- PROBLEM TO WORK ON
Could you print exactly the lines from the one that contains "1984年世界上第一台全电动" to the end of the data, both ends included, and nothing else? Skip the pictures.

- INFORMATION PROVIDED
---

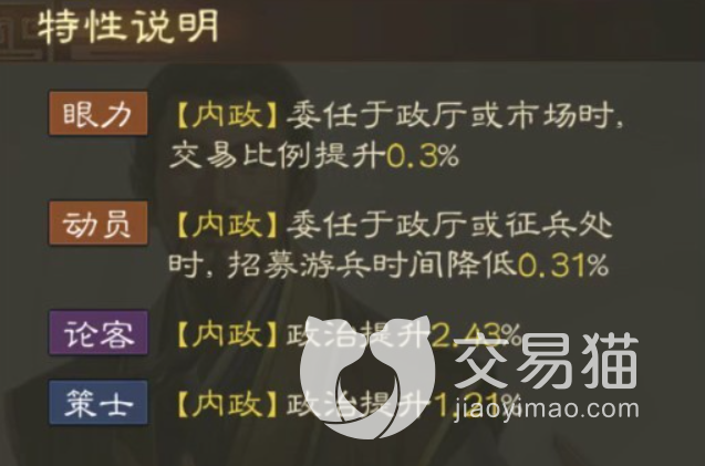 而伊籍的特性是眼力、动员、论客、策士。这些特性的属性加成分别是委任政厅或者市场时,交易比例提升0.3%,这点对于玩家来说能够大大的促进贸易之间的交流。而委任政厅或者征兵处的时候招募游兵的时间奖励0.31%,如果玩家在缺少兵源时候可以使用。而论客和策士则焚天是提升2.43%和1.21%的政治。
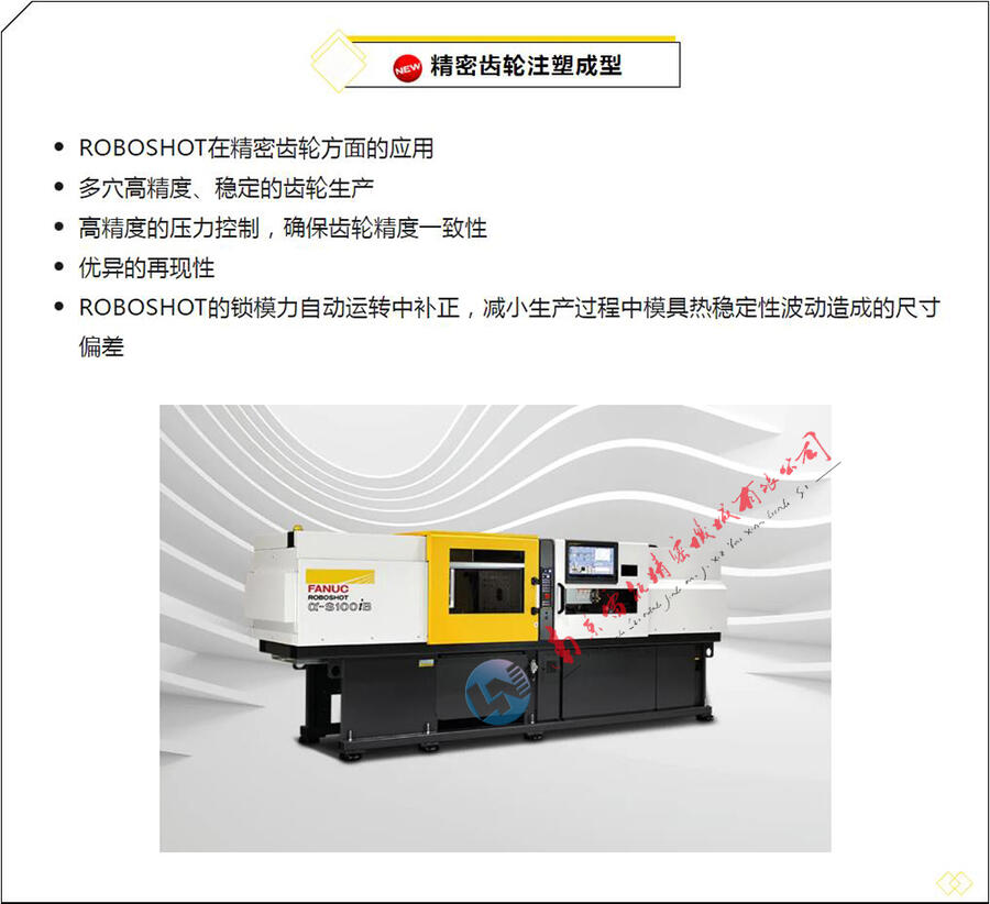 1984年世界上第一台全电动注塑机由FANUC向客户提供,自此全电动注塑机真正走入市场。FANUC ROBOSHOT拥有*进的功能、精密的控制、快的速度、低的能耗等优势,被广泛应用在精密光学、生物医药、汽车电子、精密齿轮、数码电子、食品包装、微型连接器等行业。
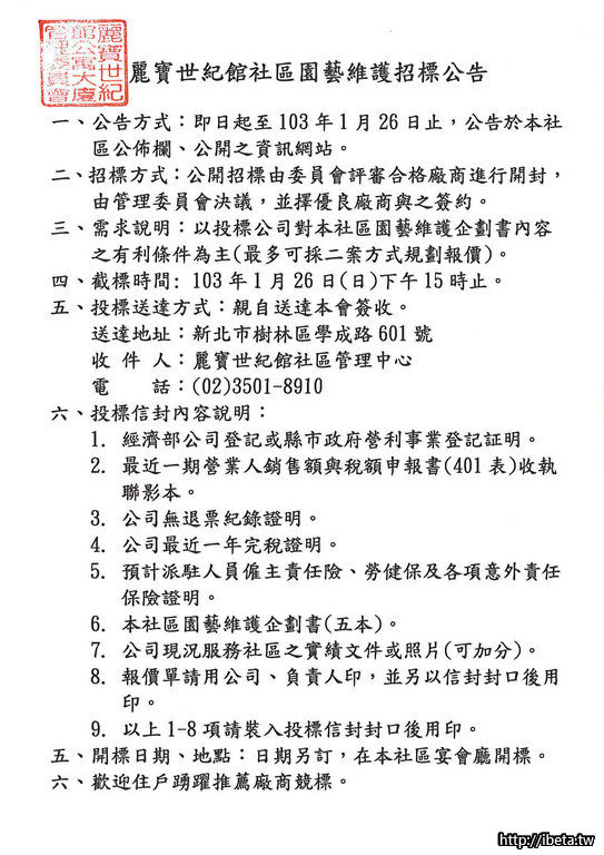 103年社區園藝維護招商公告

---

- WORKED SOLUTION
 1984年世界上第一台全电动注塑机由FANUC向客户提供,自此全电动注塑机真正走入市场。FANUC ROBOSHOT拥有*进的功能、精密的控制、快的速度、低的能耗等优势,被广泛应用在精密光学、生物医药、汽车电子、精密齿轮、数码电子、食品包装、微型连接器等行业。
 103年社區園藝維護招商公告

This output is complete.